=== Section Start ===
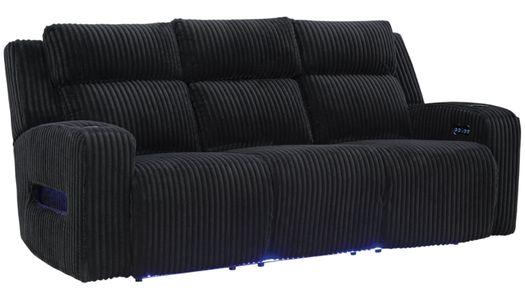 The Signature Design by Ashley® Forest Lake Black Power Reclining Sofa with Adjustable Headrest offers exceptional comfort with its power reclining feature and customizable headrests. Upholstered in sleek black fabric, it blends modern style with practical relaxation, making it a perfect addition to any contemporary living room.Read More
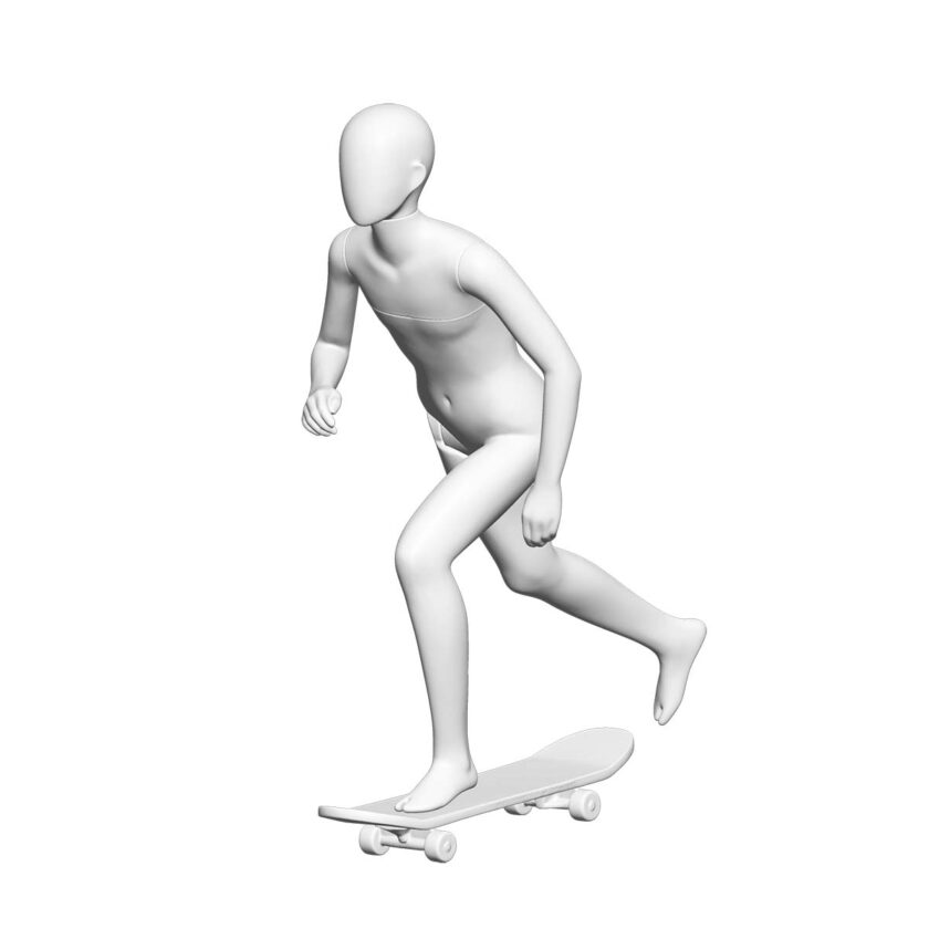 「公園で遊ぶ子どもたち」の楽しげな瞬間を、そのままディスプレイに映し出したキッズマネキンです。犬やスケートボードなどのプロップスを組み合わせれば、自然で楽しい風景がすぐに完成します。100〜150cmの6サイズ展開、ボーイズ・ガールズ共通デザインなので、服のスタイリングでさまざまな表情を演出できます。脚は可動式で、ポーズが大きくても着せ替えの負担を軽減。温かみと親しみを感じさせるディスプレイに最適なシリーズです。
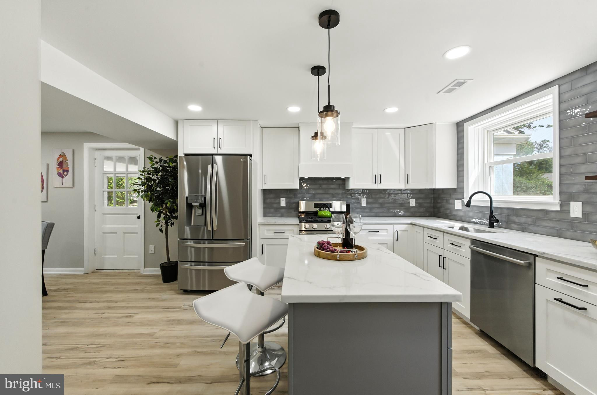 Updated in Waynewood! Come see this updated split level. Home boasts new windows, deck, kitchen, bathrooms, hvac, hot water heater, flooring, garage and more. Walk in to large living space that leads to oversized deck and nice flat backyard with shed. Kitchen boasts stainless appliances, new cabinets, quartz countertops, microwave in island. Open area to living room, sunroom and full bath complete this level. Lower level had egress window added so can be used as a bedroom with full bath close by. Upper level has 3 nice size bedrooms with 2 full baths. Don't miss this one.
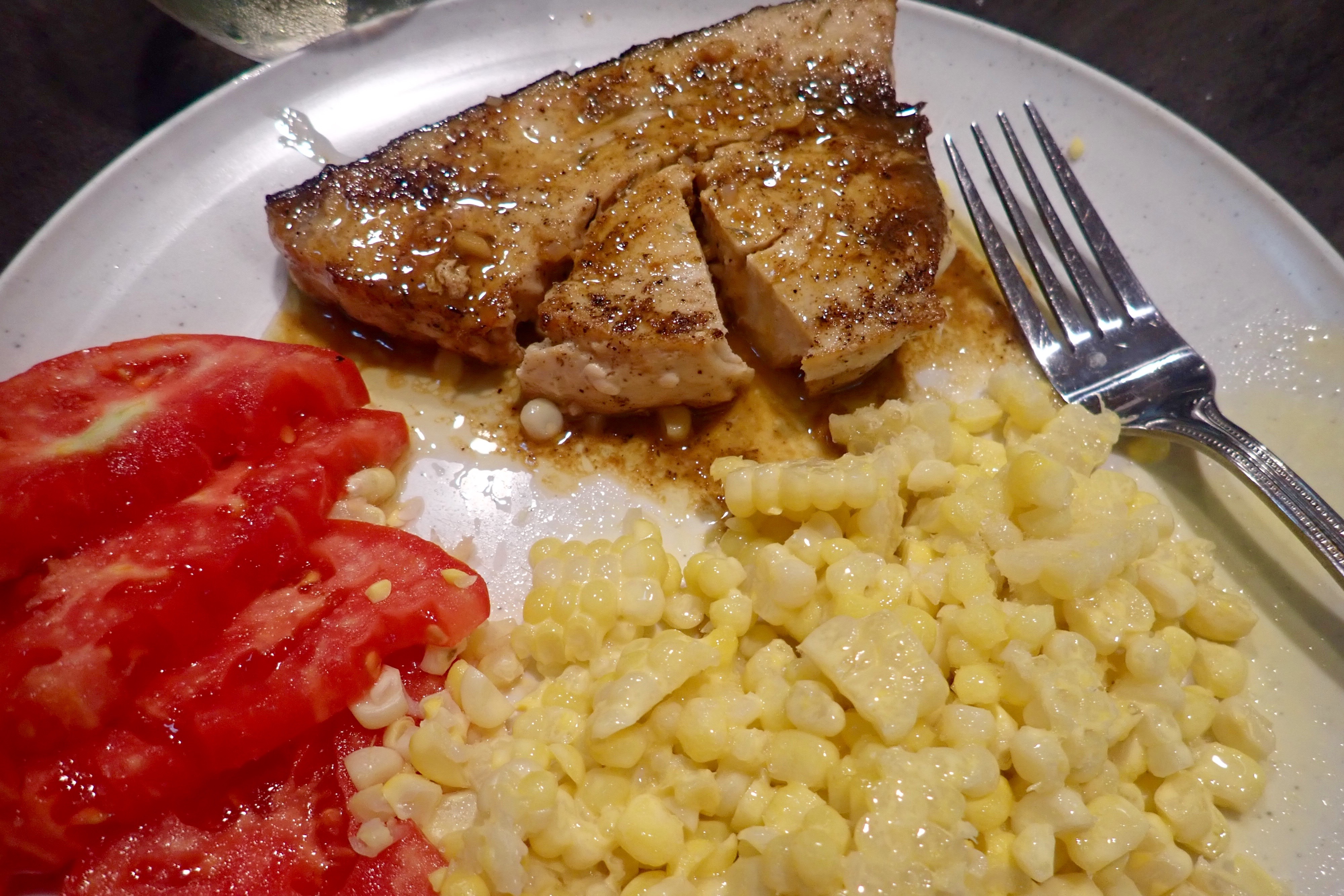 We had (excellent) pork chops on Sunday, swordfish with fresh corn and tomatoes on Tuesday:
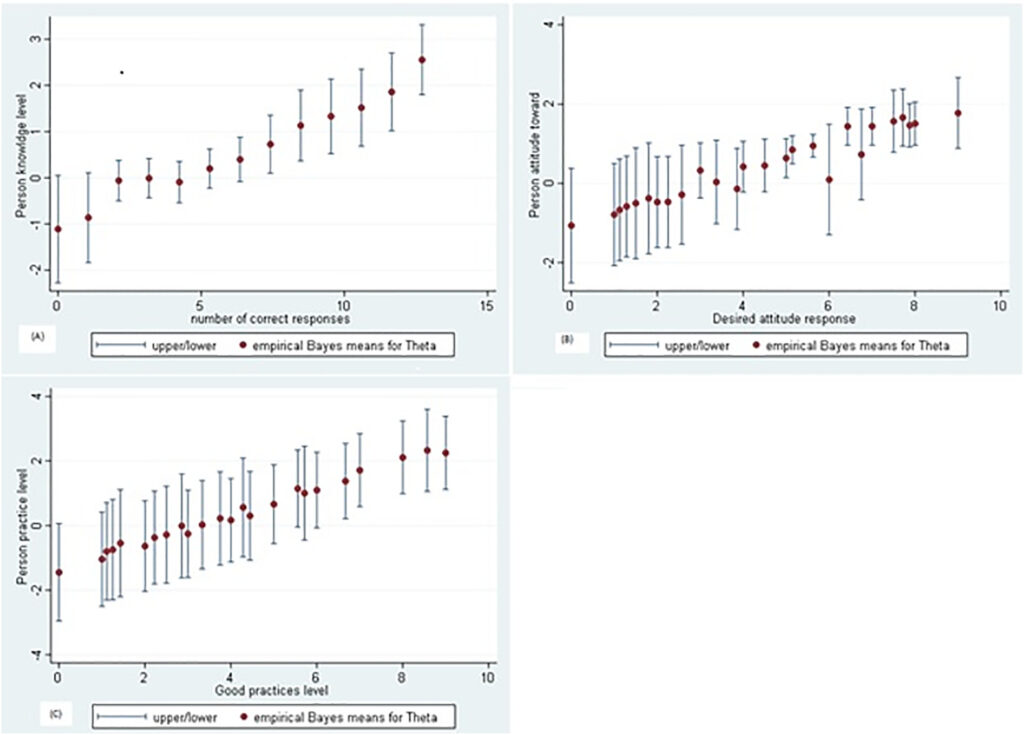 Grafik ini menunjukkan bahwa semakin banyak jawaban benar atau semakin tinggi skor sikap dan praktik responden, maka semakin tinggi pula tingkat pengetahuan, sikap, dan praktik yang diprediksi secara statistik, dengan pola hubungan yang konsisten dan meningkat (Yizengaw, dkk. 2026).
=== Section End ===
=== Section Start ===
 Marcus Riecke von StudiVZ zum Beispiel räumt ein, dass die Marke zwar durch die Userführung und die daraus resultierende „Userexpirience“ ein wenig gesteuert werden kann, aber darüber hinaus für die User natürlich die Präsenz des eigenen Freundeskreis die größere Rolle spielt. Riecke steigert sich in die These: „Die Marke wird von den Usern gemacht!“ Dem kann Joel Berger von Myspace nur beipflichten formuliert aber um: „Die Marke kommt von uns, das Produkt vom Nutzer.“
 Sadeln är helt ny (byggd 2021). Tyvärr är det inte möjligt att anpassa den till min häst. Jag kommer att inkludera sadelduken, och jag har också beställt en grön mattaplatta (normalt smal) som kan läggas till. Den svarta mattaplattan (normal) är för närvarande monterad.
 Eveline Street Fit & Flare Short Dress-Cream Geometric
=== Section End ===
Copy only what lies between the line with "The Signature Design" and the line with "Grafik ini menunjukkan", those two lines included, exactly as given above; pictures stay out.

Task output
 The Signature Design by Ashley® Forest Lake Black Power Reclining Sofa with Adjustable Headrest offers exceptional comfort with its power reclining feature and customizable headrests. Upholstered in sleek black fabric, it blends modern style with practical relaxation, making it a perfect addition to any contemporary living room.Read More
 「公園で遊ぶ子どもたち」の楽しげな瞬間を、そのままディスプレイに映し出したキッズマネキンです。犬やスケートボードなどのプロップスを組み合わせれば、自然で楽しい風景がすぐに完成します。100〜150cmの6サイズ展開、ボーイズ・ガールズ共通デザインなので、服のスタイリングでさまざまな表情を演出できます。脚は可動式で、ポーズが大きくても着せ替えの負担を軽減。温かみと親しみを感じさせるディスプレイに最適なシリーズです。
 Updated in Waynewood! Come see this updated split level. Home boasts new windows, deck, kitchen, bathrooms, hvac, hot water heater, flooring, garage and more. Walk in to large living space that leads to oversized deck and nice flat backyard with shed. Kitchen boasts stainless appliances, new cabinets, quartz countertops, microwave in island. Open area to living room, sunroom and full bath complete this level. Lower level had egress window added so can be used as a bedroom with full bath close by. Upper level has 3 nice size bedrooms with 2 full baths. Don't miss this one.
 We had (excellent) pork chops on Sunday, swordfish with fresh corn and tomatoes on Tuesday:
 Grafik ini menunjukkan bahwa semakin banyak jawaban benar atau semakin tinggi skor sikap dan praktik responden, maka semakin tinggi pula tingkat pengetahuan, sikap, dan praktik yang diprediksi secara statistik, dengan pola hubungan yang konsisten dan meningkat (Yizengaw, dkk. 2026).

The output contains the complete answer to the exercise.